Arrhenius equation is given by,
$k = Ae^{\frac{-E_{a}}{(RT)}}$

where,
k = rate constant,
A = frequency factor in $sec{-1}$,
$E_{a}$ = activation energy in $kJ mol_{-1}$,
R = universal gas constant = $8.314 \times 10^{-3} kJ mol^{-1}K^{-1}$
T = temperature in K.

Plug in the all the values of parameter given into this online Arrhenius equation calculator to calculate the rate constant.

Steps

Step 1: Observe the parameter values given in the problem.

Step 2: Substitute those values into the arrhenius equation to get the rate constant of the reaction.

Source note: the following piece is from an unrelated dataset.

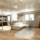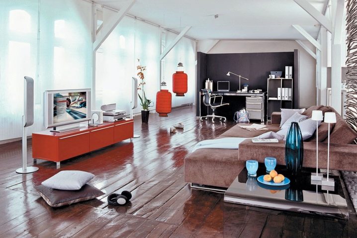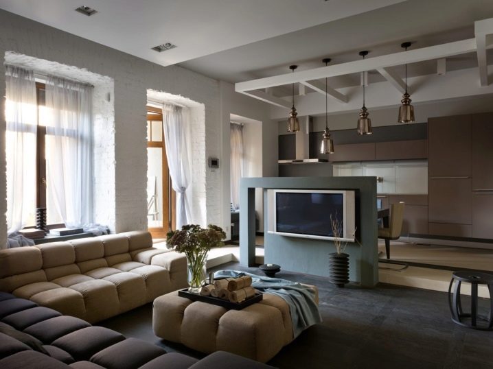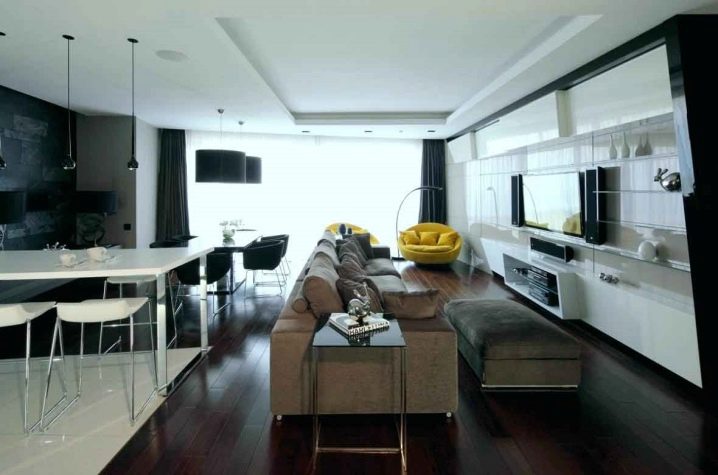 Много интересно решение би било оформление, използващо мебели, които съставляват един единствен ансамбъл. Картината изглежда страхотно, когато всяка мебел плавно се влива в друга. Изглежда много стилно и хармонично. В същото време е важно геометрично правилно да подредите мебели в голям студиен апартамент..

$k = Ae^{\frac{-E_{a}}{(RT)}}$

Problems

Here are some of the problems shown related to arrhenius equation.

Solved Examples

Question 1: Determine the rate constant if activation energy is 210 kJ/mol and frequency factor is 10 $M_{-1}s_{-1}$ at temperature 289K.
Solution:

Step 1: Given :
Activation energy $E_{a}$ = 210 kJ/mol,
Frequency factor A = 10 $M^{-1}s^{-1}$,
Temperature T = 289K.

Step 2: Rate constant k is,
$k = Ae^{\frac{-E_{a}}{(RT)}}$

$k = (10 M^{-1}s^{-1}) \times$ $e^{\frac{-210 kJ/mol}{(8.314 \times 10^{-3} kJ mol^{-1}K^{-1} \times 289K)}}$

$k = 1.10322 \times 10^{-37} M^{-1}s^{-1}$

Rate constant of this constant is $1.10322 \times 10^{-37} M^{-1}s^{-1}$.

Question 2: If activation energy is 600 kJ/mol and frequency factor is 15 $M_{-1}s_{-1}$ at temperature 353K, calculate its rate constant.
Solution:

Step 1: Given :
Activation energy $E_{a}$ = 600 kJ/mol,
Frequency factor A = 15 $M_{-1}s_{-1}$,
Temperature T = 353K.

Step 2: Rate constant k is,
$k = Ae^{\frac{-E_{a}}{(RT)}}$

$k = (15 M^{-1}s^{-1}) \times$ $e^{\frac{-600 kJ/mol}{(8.314 \times 10^{-3} kJ mol^{-1}K^{-1} \times 353K)}}$

$k = 2.44790 \times 10^{-88} M^{-1}s^{-1}$

Rate constant of this constant is $2.44790 \times 10^{-88} M^{-1}s^{-1}$.